Transcribe the records word for word. Leave every picture out.
------ DATA TO EXAMINE
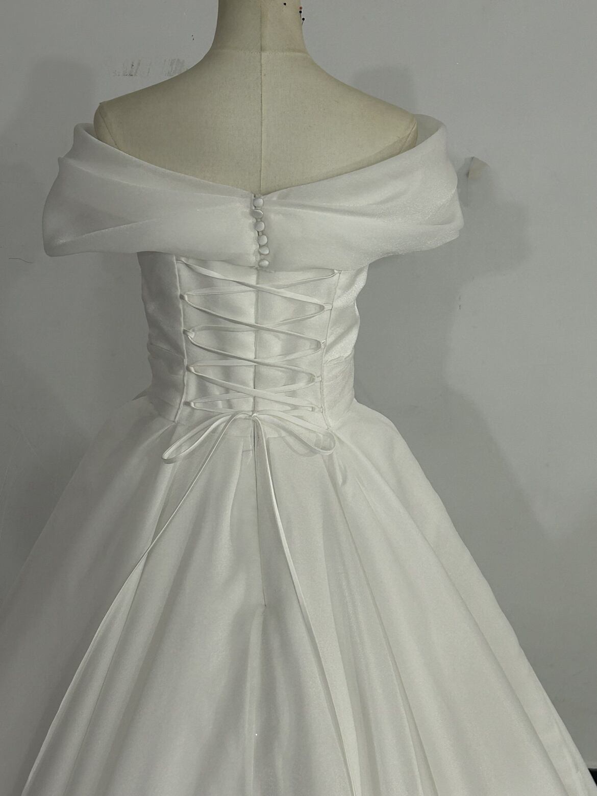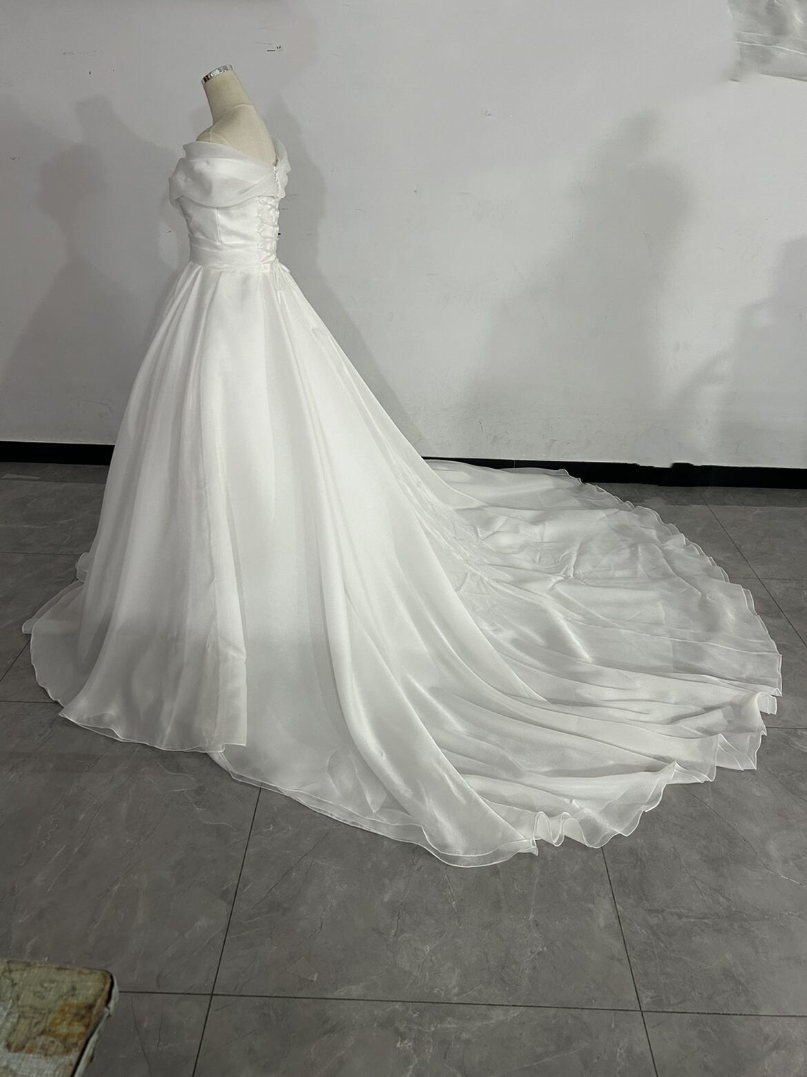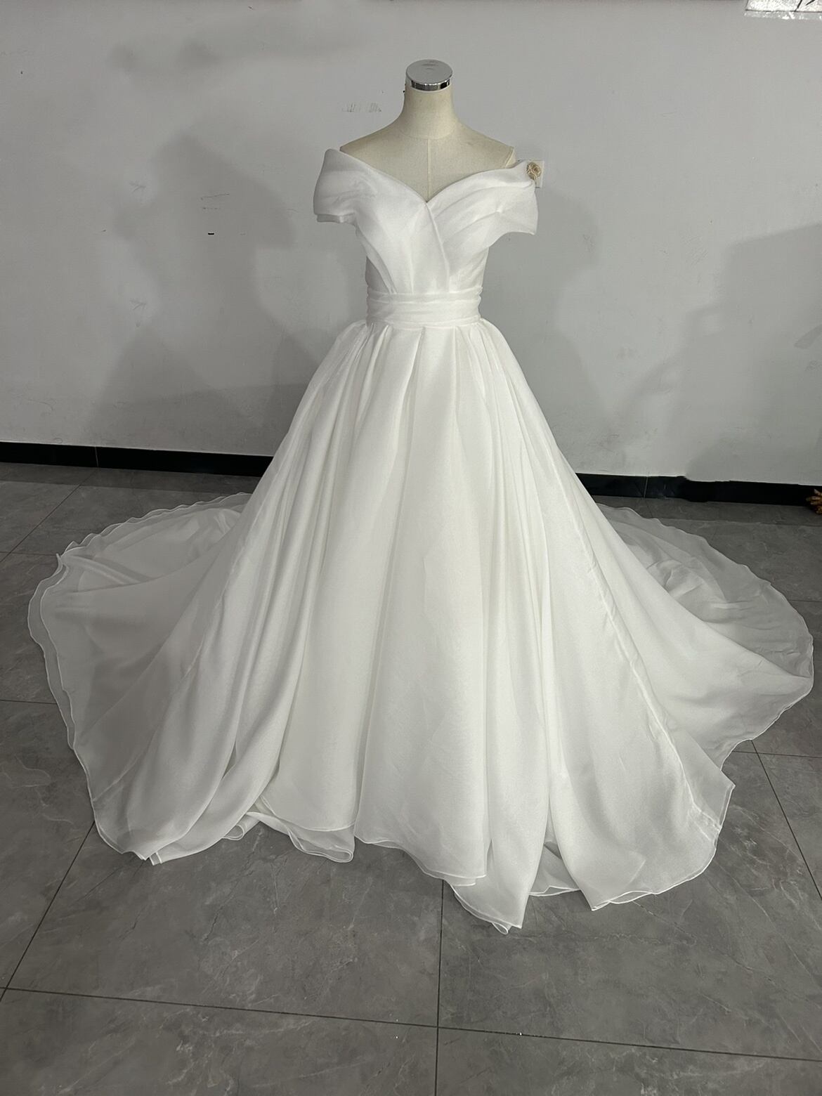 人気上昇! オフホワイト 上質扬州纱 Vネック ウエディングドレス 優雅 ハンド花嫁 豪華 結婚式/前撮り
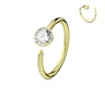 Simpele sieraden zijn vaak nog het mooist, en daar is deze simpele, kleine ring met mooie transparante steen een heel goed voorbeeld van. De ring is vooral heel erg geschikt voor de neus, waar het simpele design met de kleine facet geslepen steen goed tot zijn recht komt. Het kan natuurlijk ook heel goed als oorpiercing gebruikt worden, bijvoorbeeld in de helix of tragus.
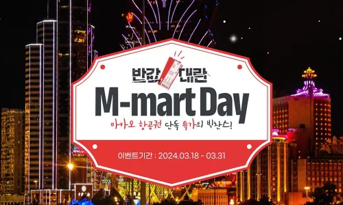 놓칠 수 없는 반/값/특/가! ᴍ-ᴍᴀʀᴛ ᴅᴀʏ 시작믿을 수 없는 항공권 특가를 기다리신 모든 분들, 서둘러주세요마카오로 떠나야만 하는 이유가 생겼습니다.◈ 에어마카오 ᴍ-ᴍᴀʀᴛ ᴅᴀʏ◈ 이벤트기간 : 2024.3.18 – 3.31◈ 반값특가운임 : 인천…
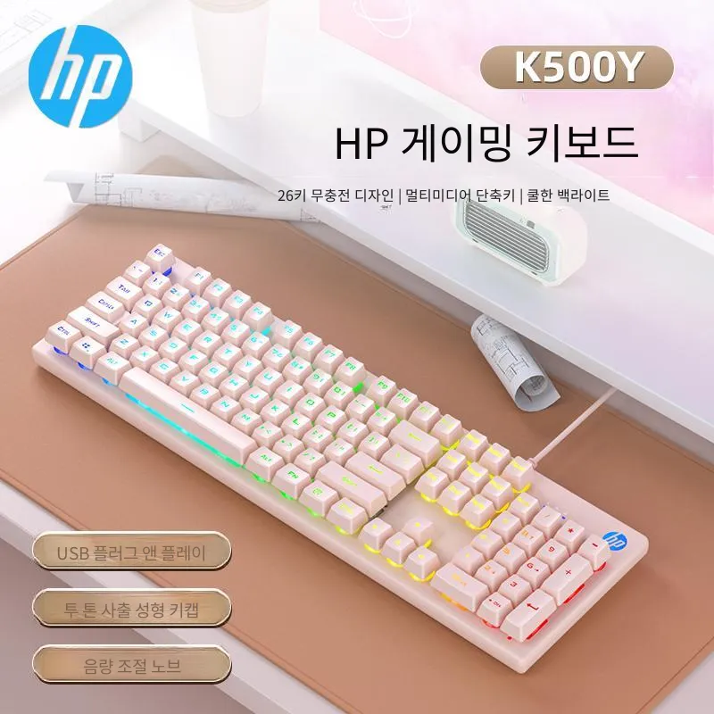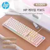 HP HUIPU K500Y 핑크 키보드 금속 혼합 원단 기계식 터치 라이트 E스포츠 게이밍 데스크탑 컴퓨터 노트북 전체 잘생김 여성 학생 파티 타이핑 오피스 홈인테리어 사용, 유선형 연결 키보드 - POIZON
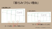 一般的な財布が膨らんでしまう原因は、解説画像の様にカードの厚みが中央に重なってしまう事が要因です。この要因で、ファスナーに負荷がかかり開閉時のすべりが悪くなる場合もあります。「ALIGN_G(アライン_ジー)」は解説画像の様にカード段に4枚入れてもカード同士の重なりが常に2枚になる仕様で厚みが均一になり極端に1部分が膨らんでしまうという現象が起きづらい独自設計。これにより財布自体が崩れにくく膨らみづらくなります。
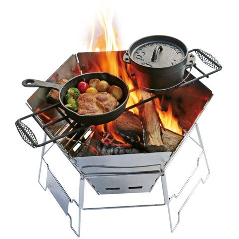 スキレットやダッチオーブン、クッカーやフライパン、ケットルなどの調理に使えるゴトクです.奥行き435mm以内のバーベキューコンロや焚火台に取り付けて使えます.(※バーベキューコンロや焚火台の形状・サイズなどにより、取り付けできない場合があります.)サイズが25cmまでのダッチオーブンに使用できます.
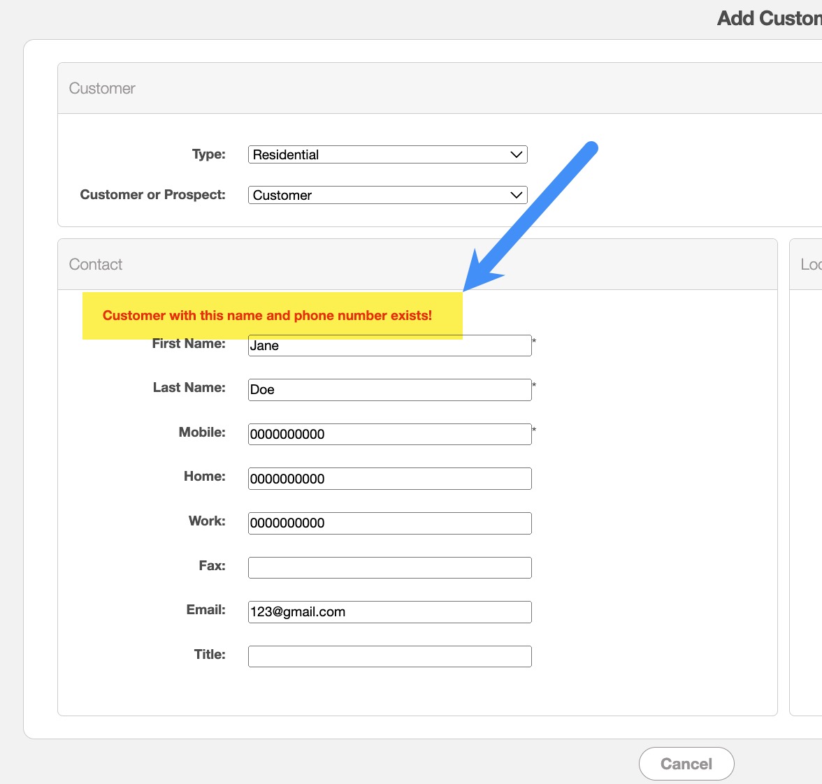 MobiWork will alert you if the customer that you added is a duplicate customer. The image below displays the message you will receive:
------------
- _ANSWER TO THIS TASK_
 人気上昇! オフホワイト 上質扬州纱 Vネック ウエディングドレス 優雅 ハンド花嫁 豪華 結婚式/前撮り
 Simpele sieraden zijn vaak nog het mooist, en daar is deze simpele, kleine ring met mooie transparante steen een heel goed voorbeeld van. De ring is vooral heel erg geschikt voor de neus, waar het simpele design met de kleine facet geslepen steen goed tot zijn recht komt. Het kan natuurlijk ook heel goed als oorpiercing gebruikt worden, bijvoorbeeld in de helix of tragus.
 놓칠 수 없는 반/값/특/가! ᴍ-ᴍᴀʀᴛ ᴅᴀʏ 시작믿을 수 없는 항공권 특가를 기다리신 모든 분들, 서둘러주세요마카오로 떠나야만 하는 이유가 생겼습니다.◈ 에어마카오 ᴍ-ᴍᴀʀᴛ ᴅᴀʏ◈ 이벤트기간 : 2024.3.18 – 3.31◈ 반값특가운임 : 인천…
 HP HUIPU K500Y 핑크 키보드 금속 혼합 원단 기계식 터치 라이트 E스포츠 게이밍 데스크탑 컴퓨터 노트북 전체 잘생김 여성 학생 파티 타이핑 오피스 홈인테리어 사용, 유선형 연결 키보드 - POIZON
 一般的な財布が膨らんでしまう原因は、解説画像の様にカードの厚みが中央に重なってしまう事が要因です。この要因で、ファスナーに負荷がかかり開閉時のすべりが悪くなる場合もあります。「ALIGN_G(アライン_ジー)」は解説画像の様にカード段に4枚入れてもカード同士の重なりが常に2枚になる仕様で厚みが均一になり極端に1部分が膨らんでしまうという現象が起きづらい独自設計。これにより財布自体が崩れにくく膨らみづらくなります。
 スキレットやダッチオーブン、クッカーやフライパン、ケットルなどの調理に使えるゴトクです.奥行き435mm以内のバーベキューコンロや焚火台に取り付けて使えます.(※バーベキューコンロや焚火台の形状・サイズなどにより、取り付けできない場合があります.)サイズが25cmまでのダッチオーブンに使用できます.
 MobiWork will alert you if the customer that you added is a duplicate customer. The image below displays the message you will receive:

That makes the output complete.